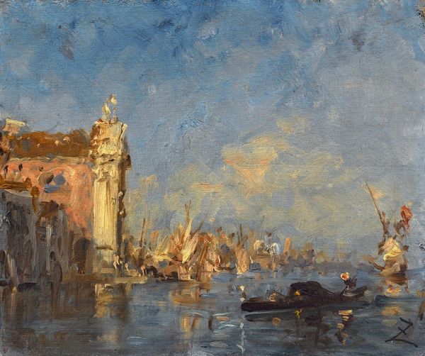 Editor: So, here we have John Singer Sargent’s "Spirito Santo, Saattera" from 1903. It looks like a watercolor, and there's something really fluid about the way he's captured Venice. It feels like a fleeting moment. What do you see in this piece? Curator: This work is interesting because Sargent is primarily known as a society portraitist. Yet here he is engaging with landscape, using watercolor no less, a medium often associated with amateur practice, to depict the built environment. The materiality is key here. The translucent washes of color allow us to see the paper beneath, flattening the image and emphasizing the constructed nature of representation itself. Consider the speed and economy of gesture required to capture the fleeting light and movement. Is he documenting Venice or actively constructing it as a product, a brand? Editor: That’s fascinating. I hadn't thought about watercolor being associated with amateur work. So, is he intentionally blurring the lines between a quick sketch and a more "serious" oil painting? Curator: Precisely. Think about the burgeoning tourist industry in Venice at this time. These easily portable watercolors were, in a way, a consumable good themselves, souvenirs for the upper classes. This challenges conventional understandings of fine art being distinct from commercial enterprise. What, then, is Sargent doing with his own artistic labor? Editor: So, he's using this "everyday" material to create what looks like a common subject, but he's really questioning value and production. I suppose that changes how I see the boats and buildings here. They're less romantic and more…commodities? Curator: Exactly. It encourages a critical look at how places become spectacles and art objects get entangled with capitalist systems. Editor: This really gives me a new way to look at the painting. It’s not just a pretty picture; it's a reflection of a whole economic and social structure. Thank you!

========

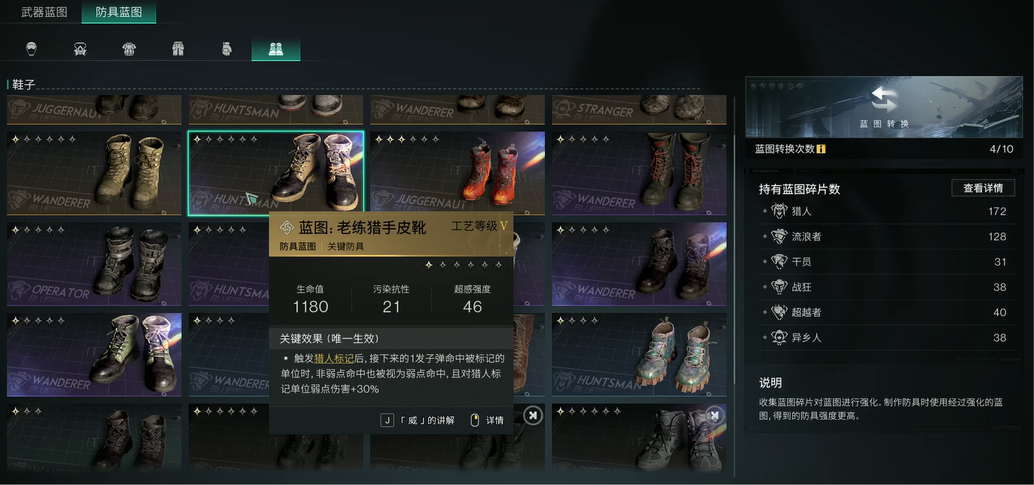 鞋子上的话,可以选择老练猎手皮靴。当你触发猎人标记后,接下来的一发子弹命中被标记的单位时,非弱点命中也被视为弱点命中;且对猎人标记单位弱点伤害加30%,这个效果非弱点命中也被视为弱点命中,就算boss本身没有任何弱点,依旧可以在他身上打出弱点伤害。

========

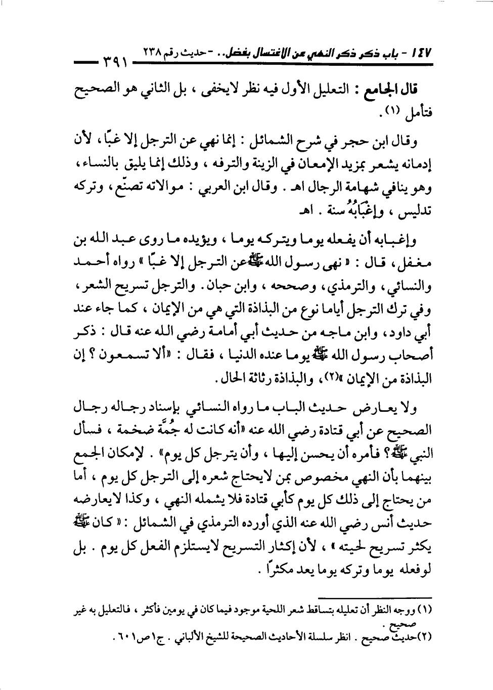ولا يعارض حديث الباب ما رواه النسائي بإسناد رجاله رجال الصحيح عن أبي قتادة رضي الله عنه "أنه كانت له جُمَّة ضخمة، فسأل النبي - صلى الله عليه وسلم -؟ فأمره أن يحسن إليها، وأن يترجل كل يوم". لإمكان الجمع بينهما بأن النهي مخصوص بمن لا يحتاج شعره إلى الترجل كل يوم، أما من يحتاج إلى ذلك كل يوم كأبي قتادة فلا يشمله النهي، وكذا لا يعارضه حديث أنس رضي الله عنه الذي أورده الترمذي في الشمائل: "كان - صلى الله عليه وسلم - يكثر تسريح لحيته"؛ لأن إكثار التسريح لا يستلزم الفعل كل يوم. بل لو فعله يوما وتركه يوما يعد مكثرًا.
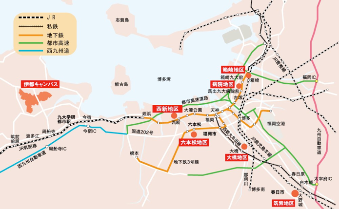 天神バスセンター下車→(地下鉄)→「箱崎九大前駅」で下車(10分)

========

▶ [Work order] Every line above between the one containing "ولا يعارض حديث" and the one containing "天神バスセンター下車→(地下鉄)→「箱崎九大前駅」で下車(10分)", those two included, is to be printed exactly. No pictures go into the copy.

▶ [Result of this exercise]
ولا يعارض حديث الباب ما رواه النسائي بإسناد رجاله رجال الصحيح عن أبي قتادة رضي الله عنه "أنه كانت له جُمَّة ضخمة، فسأل النبي - صلى الله عليه وسلم -؟ فأمره أن يحسن إليها، وأن يترجل كل يوم". لإمكان الجمع بينهما بأن النهي مخصوص بمن لا يحتاج شعره إلى الترجل كل يوم، أما من يحتاج إلى ذلك كل يوم كأبي قتادة فلا يشمله النهي، وكذا لا يعارضه حديث أنس رضي الله عنه الذي أورده الترمذي في الشمائل: "كان - صلى الله عليه وسلم - يكثر تسريح لحيته"؛ لأن إكثار التسريح لا يستلزم الفعل كل يوم. بل لو فعله يوما وتركه يوما يعد مكثرًا.
 天神バスセンター下車→(地下鉄)→「箱崎九大前駅」で下車(10分)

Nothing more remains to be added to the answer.